| Required work |
Every record must appear in your copy exactly as written, with no pictures.

| Record extracts |

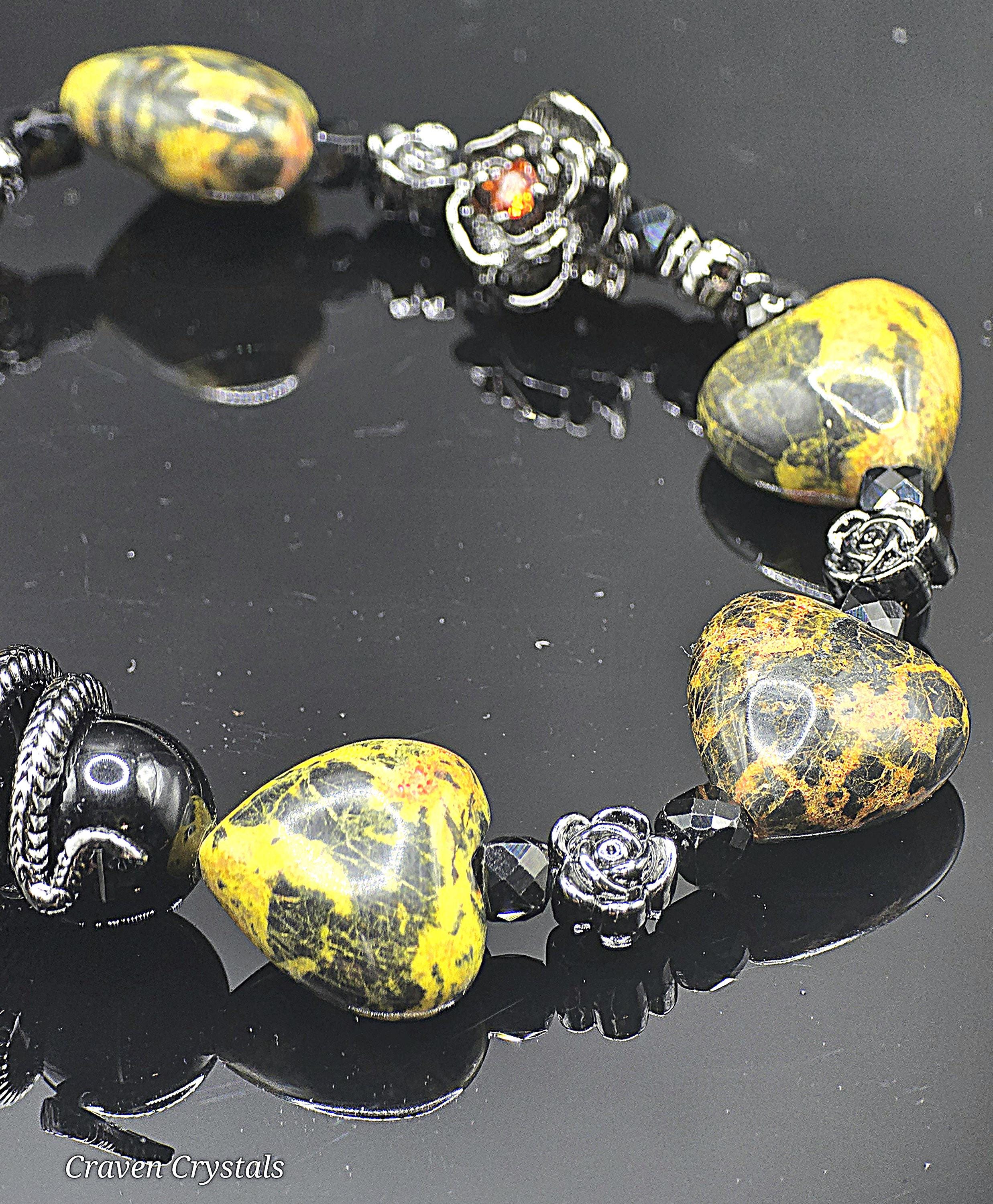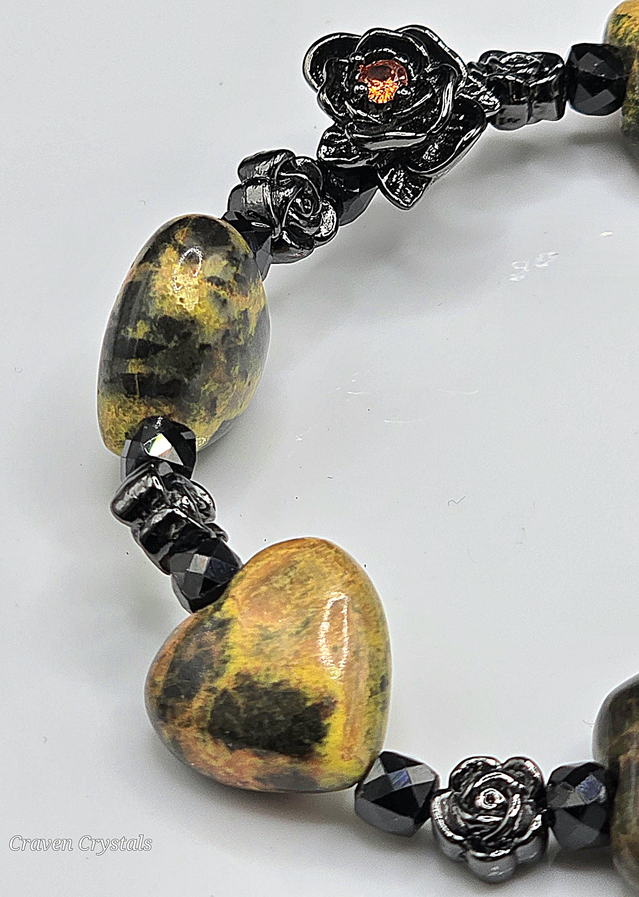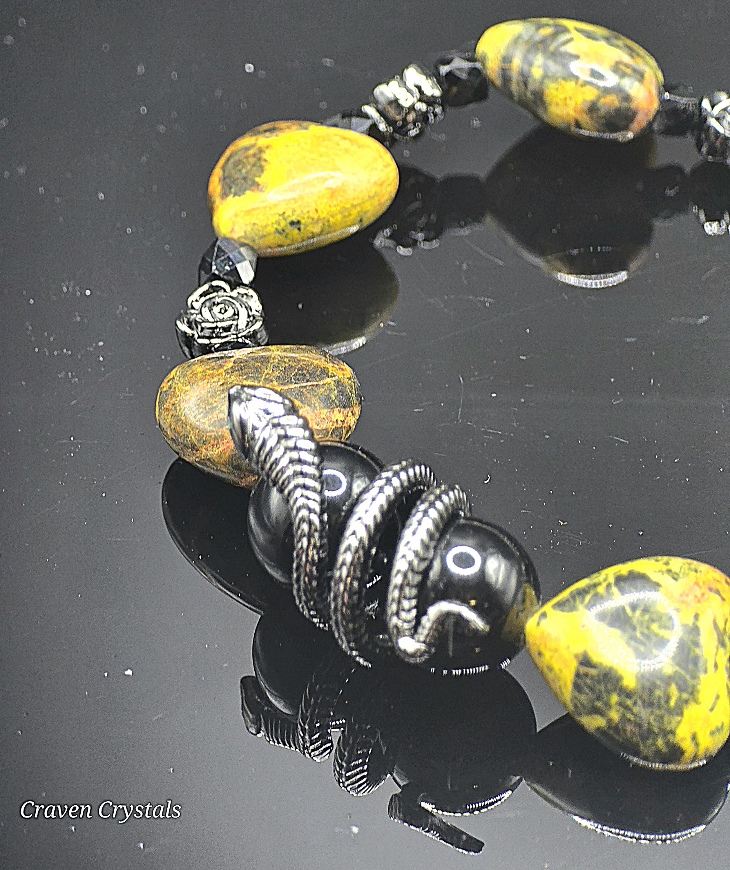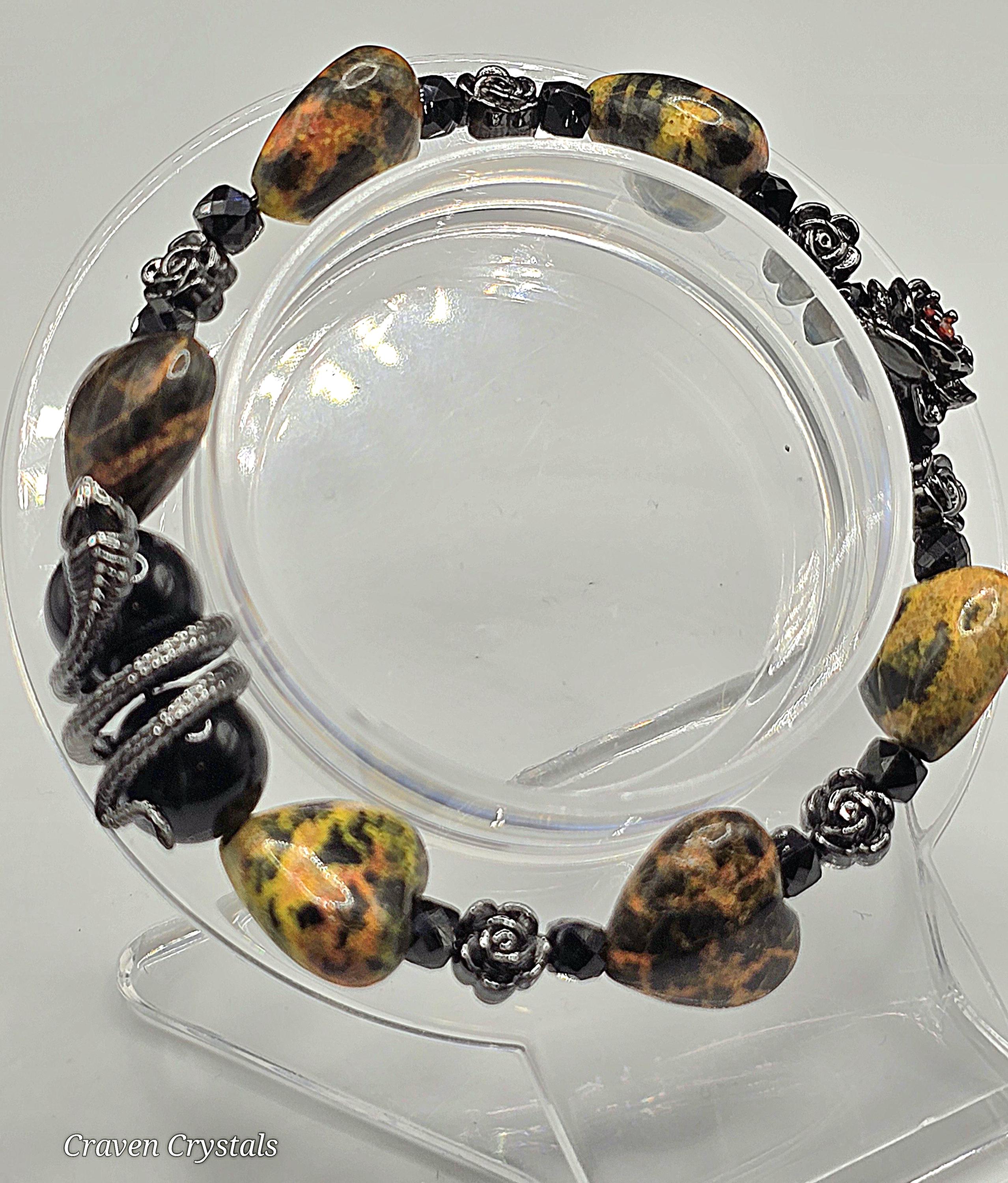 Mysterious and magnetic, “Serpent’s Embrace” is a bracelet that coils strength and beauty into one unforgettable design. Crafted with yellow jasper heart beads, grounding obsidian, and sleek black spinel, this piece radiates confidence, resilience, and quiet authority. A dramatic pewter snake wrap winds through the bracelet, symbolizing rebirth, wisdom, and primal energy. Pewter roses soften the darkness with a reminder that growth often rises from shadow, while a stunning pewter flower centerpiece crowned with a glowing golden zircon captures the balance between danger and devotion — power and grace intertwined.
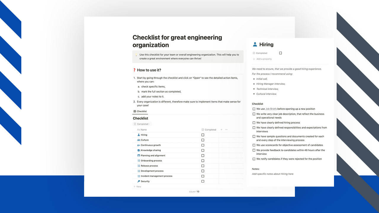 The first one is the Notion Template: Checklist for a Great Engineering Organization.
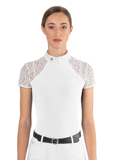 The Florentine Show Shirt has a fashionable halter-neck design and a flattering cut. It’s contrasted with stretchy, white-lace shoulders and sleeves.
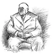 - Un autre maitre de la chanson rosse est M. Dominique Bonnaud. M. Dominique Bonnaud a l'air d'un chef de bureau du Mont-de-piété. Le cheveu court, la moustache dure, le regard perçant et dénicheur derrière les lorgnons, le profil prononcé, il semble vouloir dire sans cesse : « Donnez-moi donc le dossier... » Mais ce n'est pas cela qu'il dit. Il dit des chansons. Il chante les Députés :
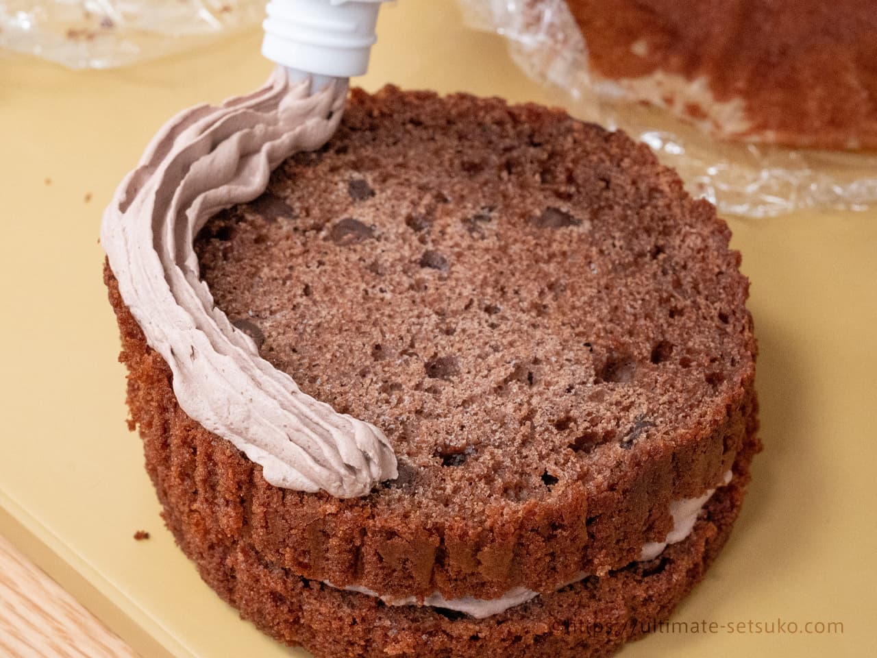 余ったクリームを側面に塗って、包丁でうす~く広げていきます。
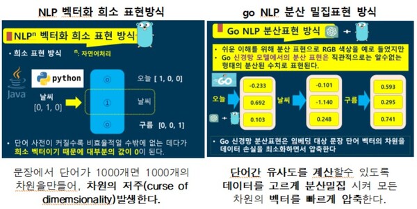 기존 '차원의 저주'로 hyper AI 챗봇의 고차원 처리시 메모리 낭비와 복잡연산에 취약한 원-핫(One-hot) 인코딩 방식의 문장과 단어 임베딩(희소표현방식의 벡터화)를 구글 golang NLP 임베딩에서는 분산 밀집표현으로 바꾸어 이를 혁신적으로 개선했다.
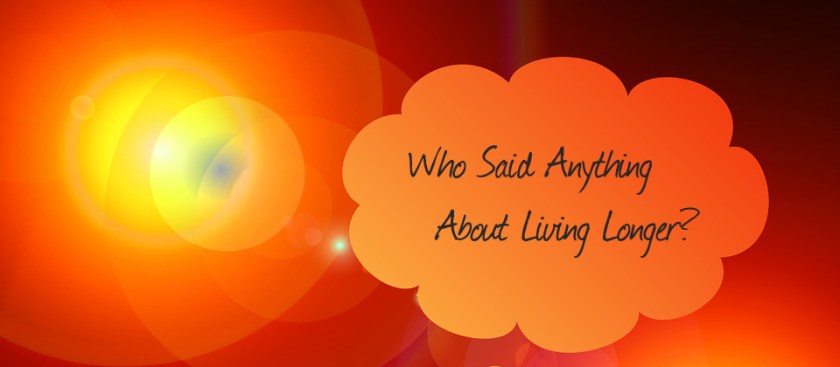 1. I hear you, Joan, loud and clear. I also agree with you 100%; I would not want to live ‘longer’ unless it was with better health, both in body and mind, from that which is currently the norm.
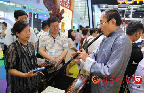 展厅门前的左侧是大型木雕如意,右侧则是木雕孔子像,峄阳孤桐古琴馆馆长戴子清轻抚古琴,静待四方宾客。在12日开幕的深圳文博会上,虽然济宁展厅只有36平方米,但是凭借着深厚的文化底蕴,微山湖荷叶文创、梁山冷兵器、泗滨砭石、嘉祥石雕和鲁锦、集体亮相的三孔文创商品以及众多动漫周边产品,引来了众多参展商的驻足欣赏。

| Exercise answer |
 Mysterious and magnetic, “Serpent’s Embrace” is a bracelet that coils strength and beauty into one unforgettable design. Crafted with yellow jasper heart beads, grounding obsidian, and sleek black spinel, this piece radiates confidence, resilience, and quiet authority. A dramatic pewter snake wrap winds through the bracelet, symbolizing rebirth, wisdom, and primal energy. Pewter roses soften the darkness with a reminder that growth often rises from shadow, while a stunning pewter flower centerpiece crowned with a glowing golden zircon captures the balance between danger and devotion — power and grace intertwined.
 The first one is the Notion Template: Checklist for a Great Engineering Organization.
 The Florentine Show Shirt has a fashionable halter-neck design and a flattering cut. It’s contrasted with stretchy, white-lace shoulders and sleeves.
 - Un autre maitre de la chanson rosse est M. Dominique Bonnaud. M. Dominique Bonnaud a l'air d'un chef de bureau du Mont-de-piété. Le cheveu court, la moustache dure, le regard perçant et dénicheur derrière les lorgnons, le profil prononcé, il semble vouloir dire sans cesse : « Donnez-moi donc le dossier... » Mais ce n'est pas cela qu'il dit. Il dit des chansons. Il chante les Députés :
 余ったクリームを側面に塗って、包丁でうす~く広げていきます。
 기존 '차원의 저주'로 hyper AI 챗봇의 고차원 처리시 메모리 낭비와 복잡연산에 취약한 원-핫(One-hot) 인코딩 방식의 문장과 단어 임베딩(희소표현방식의 벡터화)를 구글 golang NLP 임베딩에서는 분산 밀집표현으로 바꾸어 이를 혁신적으로 개선했다.
 1. I hear you, Joan, loud and clear. I also agree with you 100%; I would not want to live ‘longer’ unless it was with better health, both in body and mind, from that which is currently the norm.
 展厅门前的左侧是大型木雕如意,右侧则是木雕孔子像,峄阳孤桐古琴馆馆长戴子清轻抚古琴,静待四方宾客。在12日开幕的深圳文博会上,虽然济宁展厅只有36平方米,但是凭借着深厚的文化底蕴,微山湖荷叶文创、梁山冷兵器、泗滨砭石、嘉祥石雕和鲁锦、集体亮相的三孔文创商品以及众多动漫周边产品,引来了众多参展商的驻足欣赏。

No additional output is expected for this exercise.